TASK DESCRIPTION:
Your reply must contain the full listing below, reproduced exactly, but no pictures.

COLLECTED DATA:
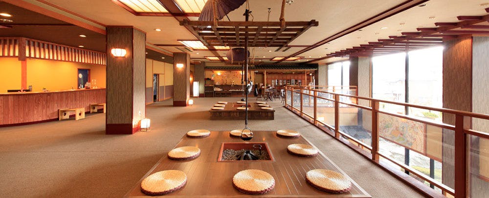 囲炉裏をモチーフとした落ち着いた雰囲気のロビーが落ち着きます。
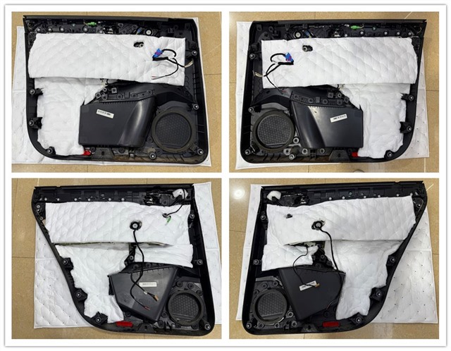 我們使用GT環(huán)保型減震材料為四門進(jìn)行三層專業(yè)隔音處理,大幅提升門板密封性與剛性,同時(shí)增強(qiáng)喇叭的聲壓響應(yīng)。第一層減震層,有效抑制共振。第二層封閉空腔,打造“箱體”效果。門板飾蓋填充高密度吸音棉,進(jìn)一步吸收中高頻噪音。前后聲場(chǎng)都升級(jí)法國(guó)勁浪ASE165兩分頻,這套喇叭在聲音表現(xiàn)和性價(jià)比之間取得了非常好的平衡。
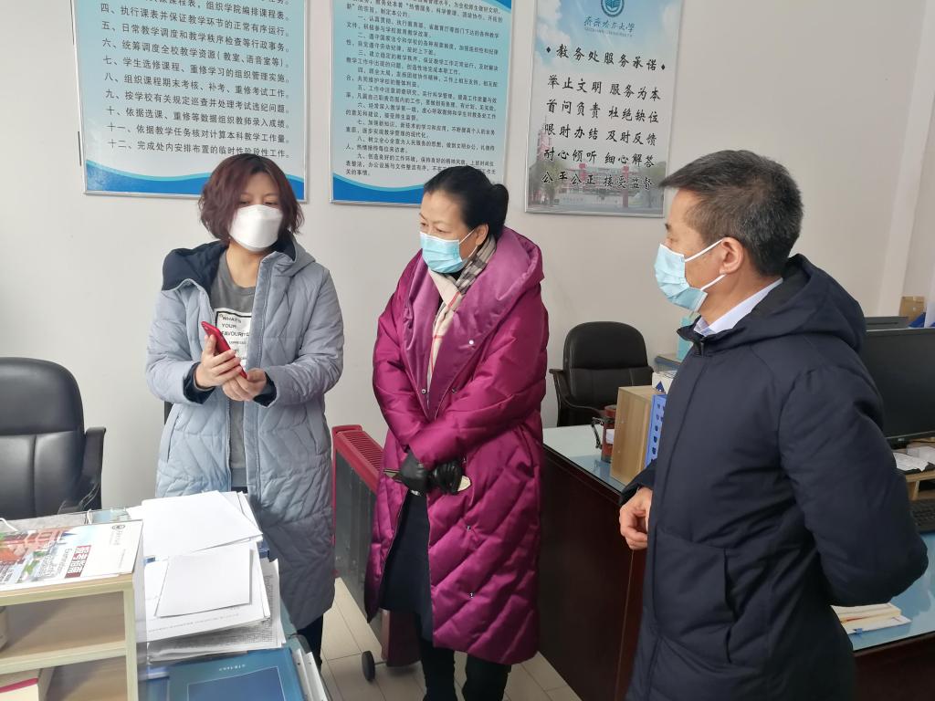 3月2日,beats365迎来线上教学试运行第一天。在这个特殊而有意义的日子里,校党委书记、校长陈桂芝,校党委常委、副校长李英杰深入教务处督察线上教学情况,与师生同上一门课。

EXPECTED OUTPUT:
 囲炉裏をモチーフとした落ち着いた雰囲気のロビーが落ち着きます。
 我們使用GT環(huán)保型減震材料為四門進(jìn)行三層專業(yè)隔音處理,大幅提升門板密封性與剛性,同時(shí)增強(qiáng)喇叭的聲壓響應(yīng)。第一層減震層,有效抑制共振。第二層封閉空腔,打造“箱體”效果。門板飾蓋填充高密度吸音棉,進(jìn)一步吸收中高頻噪音。前后聲場(chǎng)都升級(jí)法國(guó)勁浪ASE165兩分頻,這套喇叭在聲音表現(xiàn)和性價(jià)比之間取得了非常好的平衡。
 3月2日,beats365迎来线上教学试运行第一天。在这个特殊而有意义的日子里,校党委书记、校长陈桂芝,校党委常委、副校长李英杰深入教务处督察线上教学情况,与师生同上一门课。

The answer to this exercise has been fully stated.